Выбрать главу

У этой четверки - головки отряда - еще не улеглись впечатления от Михайловского дворца и его хозяйки, так очаровавшей их своим вниманием.

Гардинская, у которой так велика была привычка к браслетам, что она, скинув их, немедленно обвила правую руку четками, сочла возможным здесь, в дороге, рассказать о том, о чем считала бы неудобным говорить в Петербурге.

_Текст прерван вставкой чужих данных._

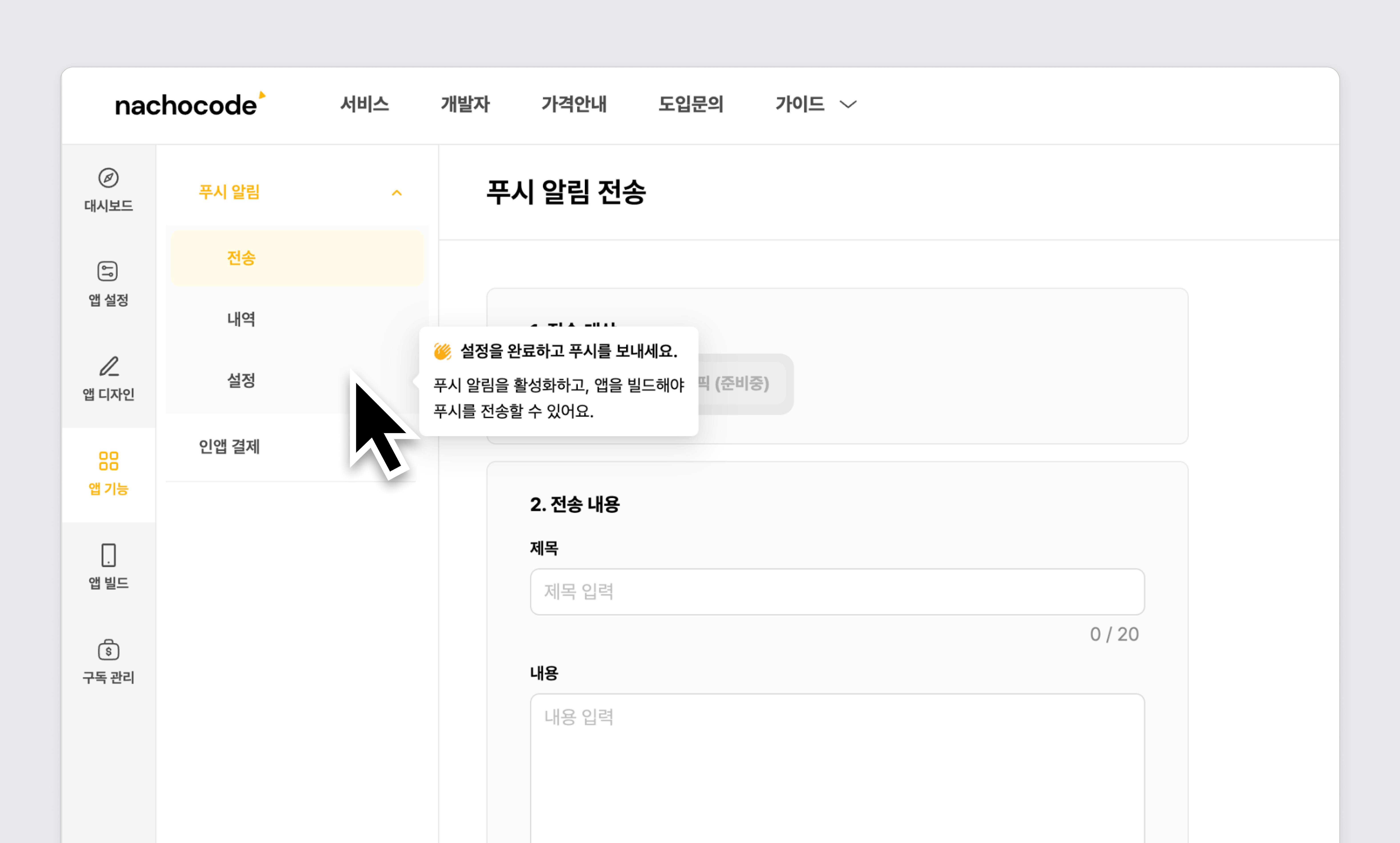 1단계) 앱 기능 > 푸시 알림 > 설정 클릭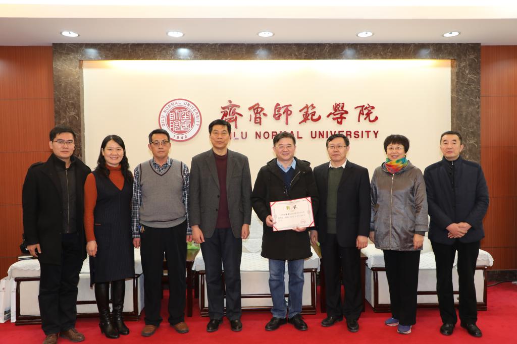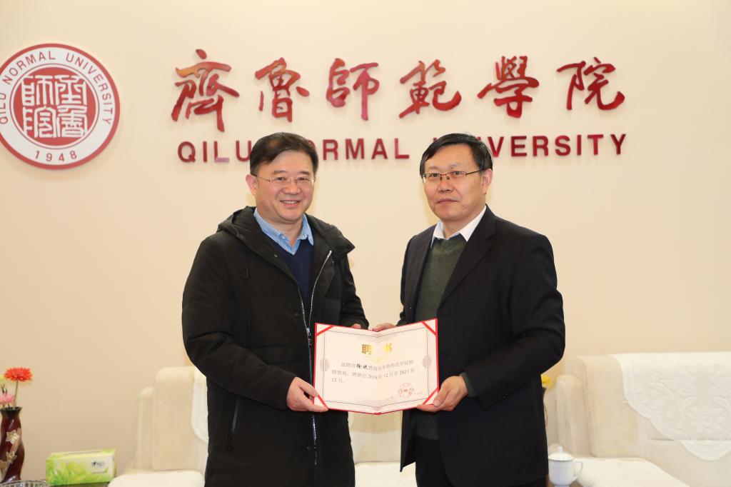 12月27日下午,金年会官网92级政教专业著名校友、北师大马克思主义学院博士生导师、国家社科基金评委徐斌教授受聘仪式暨图书捐赠仪式在章丘校区图书馆一楼接待室举行。党委副书记、校长林松柏教授为徐斌颁发特聘教授聘书,党委委员、副校长张福建教授出席仪式,党委宣传部部长兼教师工作部部长孔嵩峰、马克思主义学院院长刘振光、图书馆馆长官文栎、校友办主任郝克宁等参加仪式。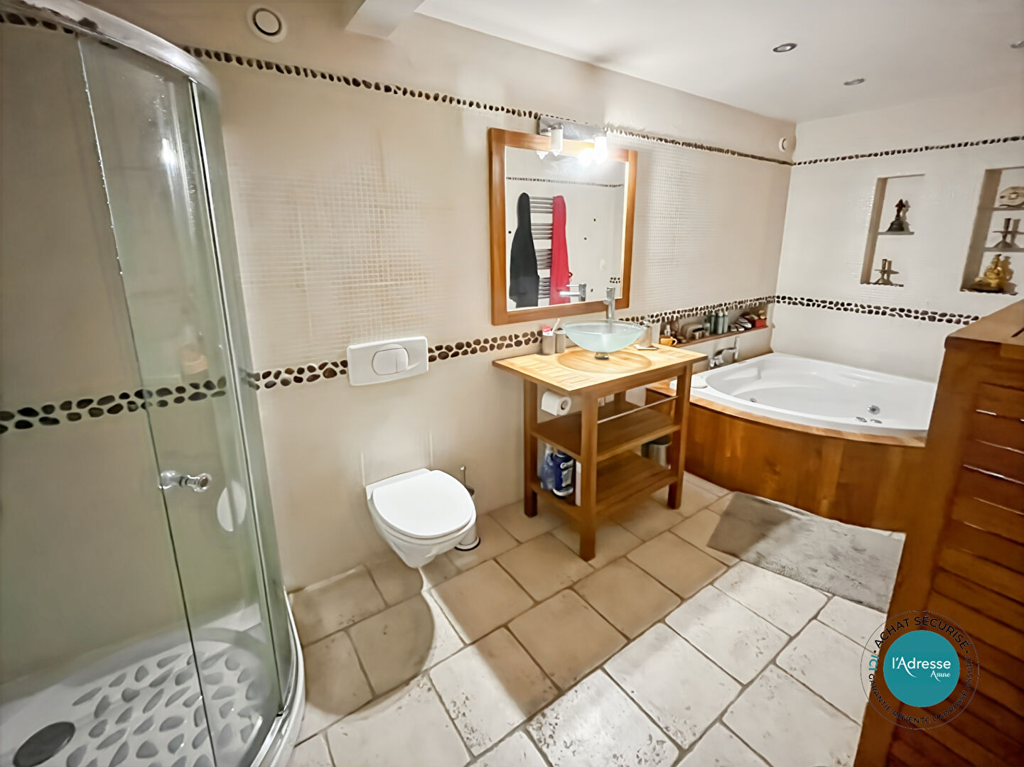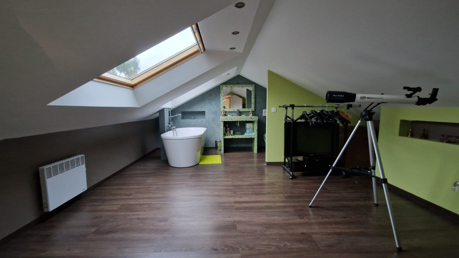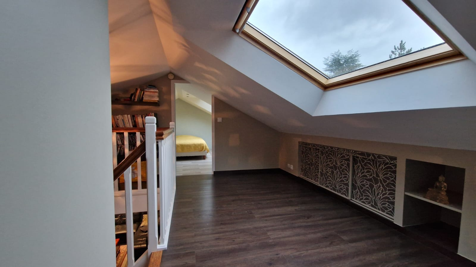 A l'étage : Palier desservant une chambre et une salle de bains baignoire ilot avec W.C.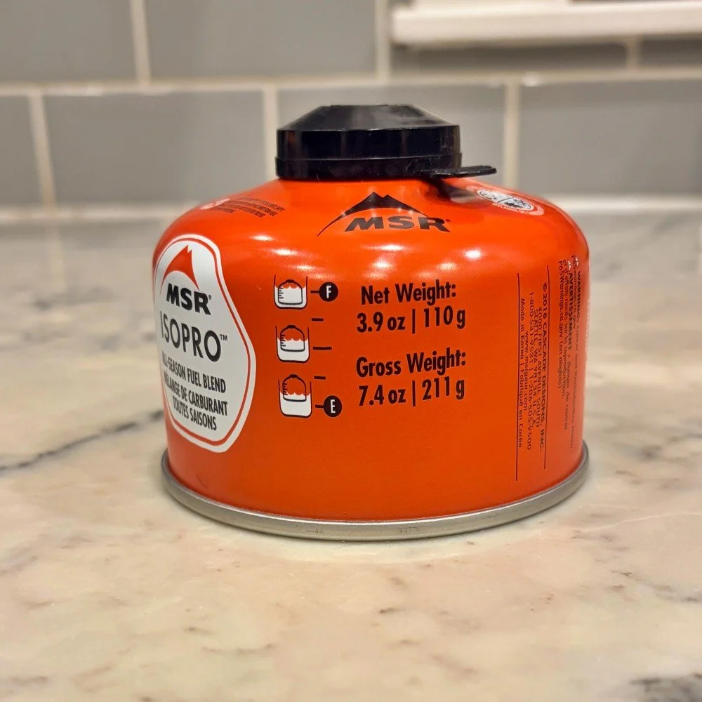 MSR cannisters conveniently have “Full” and “Empty” lines on the outside of their can, thanks MSR!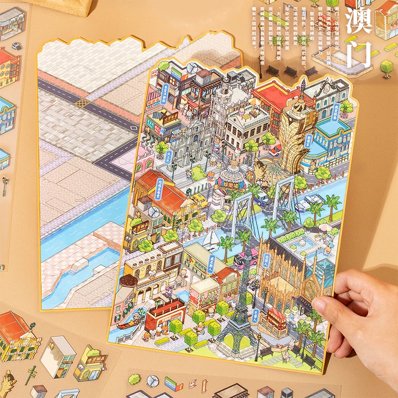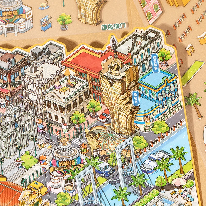 ♡ดูแบบย่อสติกเกอร์เมืองมุมใหญ่ 2 แพ็ค - ไดโอรามาขนาดใหญ่สำหรับสมุดบันทึก, วัสดุตกแต่งฉากสนุกๆ, เครื่องเขียนธีมเมืองสร้างสรรค์สำหรับงาน DIY98.94 THBมาแรง
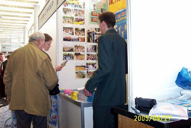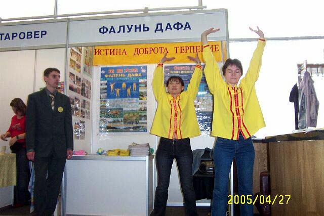 ![]() 展位前的观众 | ![]() 展台前炼功 | ![]() 为莫斯科法轮大法学会颁发的奖状 |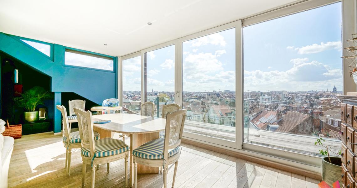 Etterbeek, rue du Cornet, à deux pas du Cinquantenaire, des transports en communs et des commerces, venez découvrir ce magnifique Penthouse de 200m2 (brut) comprenant :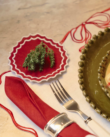 Posavasos de mezcla de lino y algodón, con corte circular y doble borde ondulado. Un detalle funcional y elegante para proteger superficies, añadiendo un toque de color y textura a la mesa.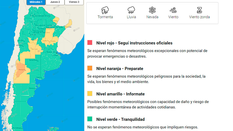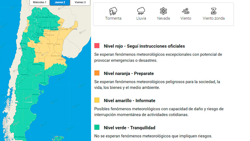 El Servicio Meteorológico Nacional emitió esta madrugada dos alertas que incluyen a Entre Ríos.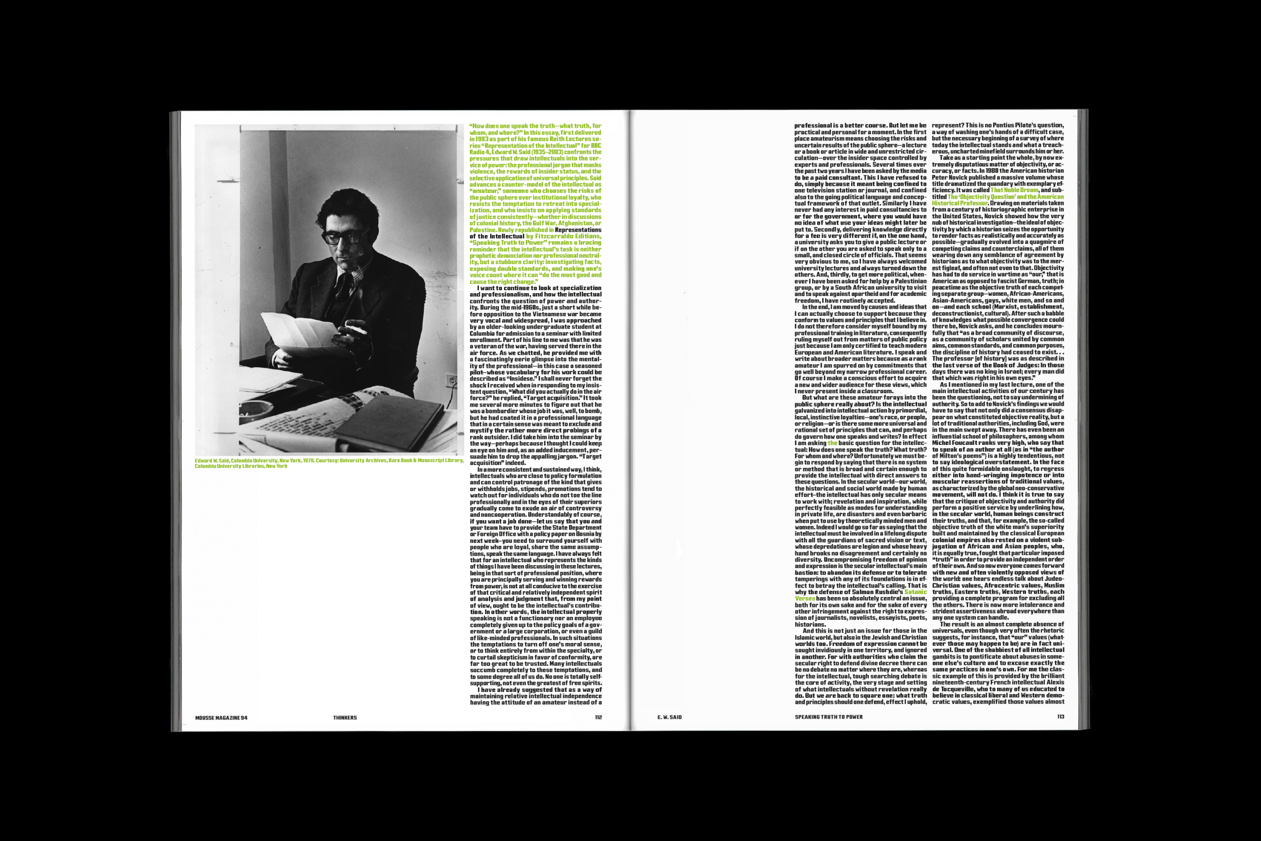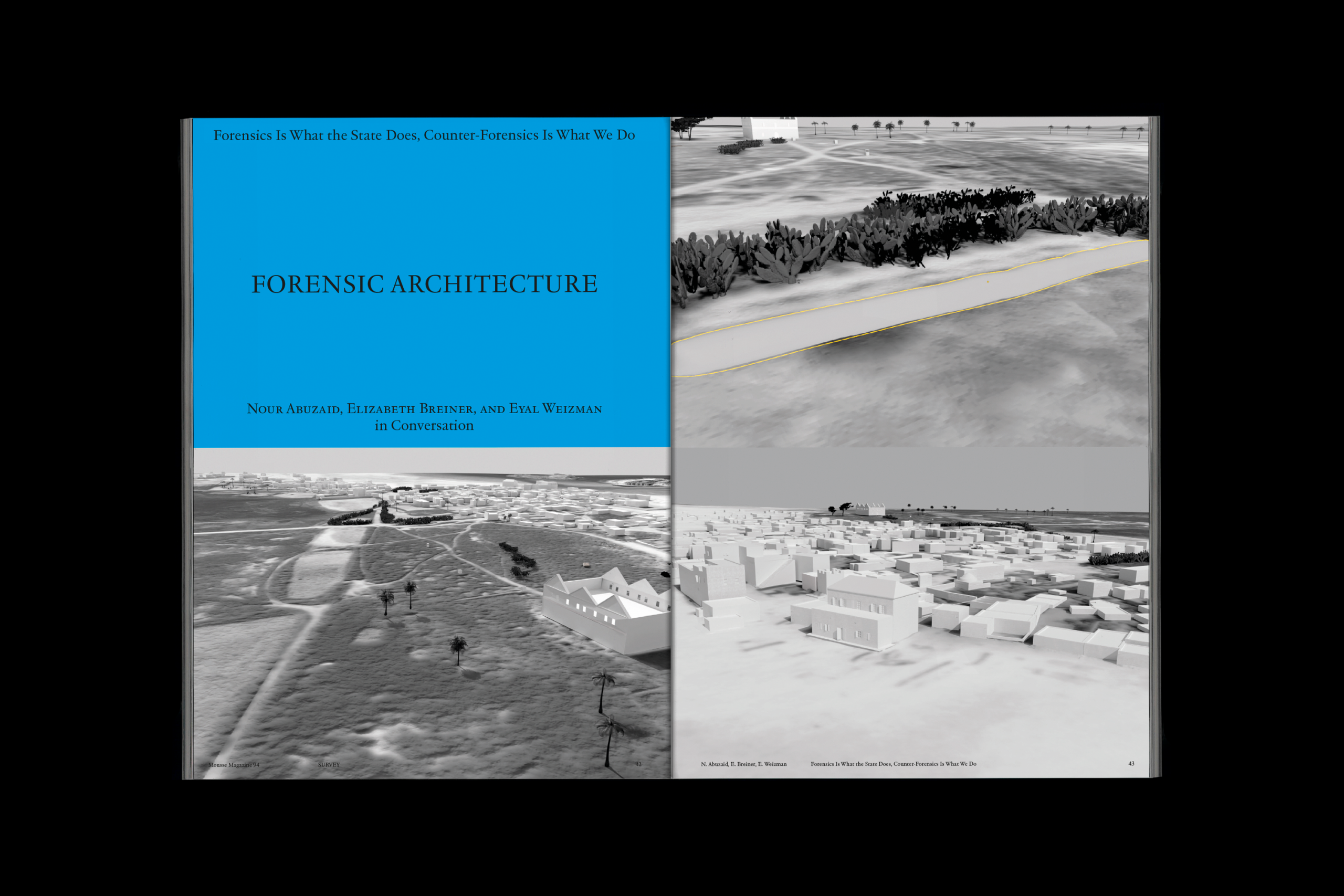 Forensic Architecture's Eyal Weizman speaks of new ways of detecting "hyper-relations" as strategies to confront systemic violence. Edward W. Said, in his crucial 1993 essay "Speaking Truth to Power" (reprinted here), argues that "the intellectual's voice is lonely, but it has resonance because it associates itself freely with [. . .] the common pursuit of a shared ideal." And in our Curators section, Shumon Basar memetically reaffirms that now more than ever, "Comment is king."

- Когда я дежурила в госпитале, приехала вдруг Елена Павловна и как раз попала на серьезную операцию: ампутацию ноги. Я, признаться, боялась идти в операционную комнату, - шутка ли, скажите, так вот сразу и на такую ужасную картину! Но наша Елена Павловна мне: <Идемте, говорит, идемте вместе: надо же нам когда-нибудь начать привыкать к этому!> Я ей, разумеется, отвечаю: <С вами, ваше высочество, я, конечно, готова идти куда угодно...> И вот началась операция, и она стремится помогать врачам... Но когда стал доктор пилить ногу, точно это сучок какой-нибудь сухой, - ах, это был такой ужас, что я отвернулась к окну и стою... и ничего уж не вижу, только сердце у меня страшно бьется... А Елена Павловна никуда не отходила и даже подавала сама, что надо...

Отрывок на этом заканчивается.